A few ideas.

Implementing ideas from books, along with experimenting with various productivity techniques, has helped me to manage my workday. This week I would like to share a few with you.

The first technique I use came from Steal Like an Artist by Austin Kleon. In his book, he discusses the concept of having a digital desk and an analog desk. Below are the various digital and analog techniques I use. Beginning with how I start the day.

Meditation is a practice I began about two years ago. I started by using the app Headspace. When they raised the price, I started using guided meditations that I would find on youtube. Each morning I wake up and start the day with a 5-10 minute guided meditation. Thanks to my phone and Bluetooth headphones, I can complete this without disturbing my family.

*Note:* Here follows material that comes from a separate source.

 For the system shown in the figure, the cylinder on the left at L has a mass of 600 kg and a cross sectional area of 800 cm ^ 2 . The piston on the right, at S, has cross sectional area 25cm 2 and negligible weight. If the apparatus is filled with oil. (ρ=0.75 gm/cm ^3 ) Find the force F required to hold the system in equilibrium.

I am a school leader. At the beginning of each year, I buy a journal to take notes at meetings and to jot down ideas. This year I use my journal to make my daily to-do list. I have experimented with various digital to-do lists, yet none of them worked for me. There is something about crossing off an item and using different colors of pens that is soothing. Each morning I sit down and follow this format. 1, 3, and 5. I write down one big thing I will accomplish: 3 medium items, and five small items.

At the end of the day the items I finish, I cross off, the things I don’t get to, I move to the next day. This is the closest that I can get to being structured in an unstructured environment. Working as a school administrator is like working in the ER or playing the outfield in baseball. Some days are slow, some days everyone wants you, and things are happening very fast.

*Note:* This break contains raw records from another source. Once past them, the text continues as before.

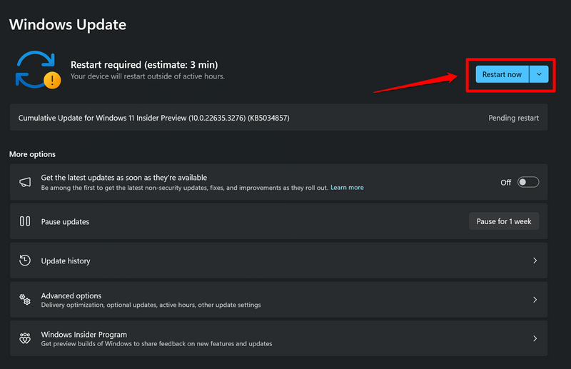 5.Efter att nedladdningsprocessen är klar måste du göra detstarta om din Windows 11-enhetför att uppdateringarna ska installeras och tillämpas.
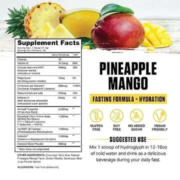 Ambrosia Hydroglyph Intraworkout Formula w/BCAA + EAA + Electrolytes Hydration Powder to Protect Lean Muscle, 0g Sugar Fasting Hydration Drink Mix, Made w/Coconut Water (Pineapple Mango)
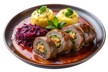 German Rouladen with Mashed Potatoes and Red Cabbage
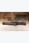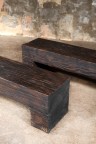 Paire de bancs Pin maritime brûlé Monogrammés ‘JAS’ en relief sur la tranche Date de création: 2020 H 41 × L 240 × P 39 cm
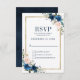 Navy Blue Blush Pink Rose Boho Geometric Wedding RSVP Card
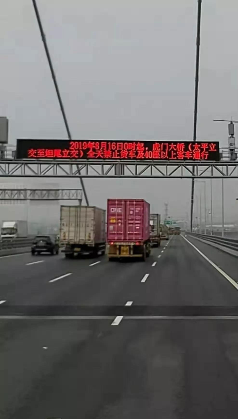 2019年8月16日还有一天时间,虎门大桥车友反馈,虎门大桥附近道路显示屏通知新内容

I use my Alexa for timers and music. When I arrive in the morning, I will stream music to get me pumped for the day; I have an apple tv in the office to stream sports talks shows and presentations. I also keep the app stand up on my apple watch and set it for 25 minutes so that I will stand and walk around from time to time.

The next digital technique involves my phone. My work gives me a choice between having a mobile work phone or stipend per month to use my phone. I choose to have a mobile work phone. This allows me to have boundaries. I keep all my work phone numbers and email on my work phone. I don’t have my work email on my personal phone, that way when I arrive home, I turn off my work phone, and don’t check it until the next. Doing this allows me to have a hard shut off of my day, and work doesn’t spill over into my family life.

Resetting at the end of the workweek is an excellent way to recharge, mentally rest, and prepare for the upcoming week.

Going analog on the weekends is how I reset and recharge. Each Saturday morning, I wake and drive down to the beach. If you are ever in Los Angeles, a good parking hack is to go to the beach before 8 am, you will find plenty of street parking for free. I go to one of my favorite shops, The Cows’ End. I order a large coffee and then head upstairs, open my journal, and write for about 45 minutes. After that, I walk over to the beach, watch the surfers, and meditate. I close my eyes and listen to the waves.

Working in a digital environment and an analog environment helps me to create a healthy work-life balance. Life is fast, times flies by, and stress is a consistent companion. With a little effort, it can be managed and maintained with success.


3 thoughts on “A few ideas.

  1. Hi Steven – I’m still envious of your Saturday mornings. I should set out to create this kind of routine for myself to recharge. I suppose I have a loose interpretation, yet it is seasonal. Summertime I love going to the farmers market and perusing the stands. In Winter, we wake to ski. Fall, we like to head to the woods to camp and recharge. I think the point is the same – take time to disconnect. In this I think you’re right, and I found it interesting to see how you blend analog vs. digital tools to make the right blend for your lifestyle. I’m curious if you ever get flack for turning off your work phone in the evenings or weekends, and how you respond?

  2. Great article, Steven. I always find reading about how people manage their days/weeks/lives useful as a prompt to reflect on how I do the same.

    Interestingly, I wasn’t expecting this from the title of the post and I found it really refreshing to see the comparison of your digital and analogue environments.

    I wonder, if there was only one of these that you could do each day/week what would it be? Which of these has the most impact on your life and wellbeing?

  3. Steven, I totally agree that a mindful blend of digital and analog is where it’s at. How do you decide which things to do in digital vs. analog? Is it trial and error?

    I also wanted to mention that you always say how you don’t like structure, but it sounds like you’ve incorporated a lot of structure into your life on your own terms. When do you like structure vs. not like structure? Any patterns there?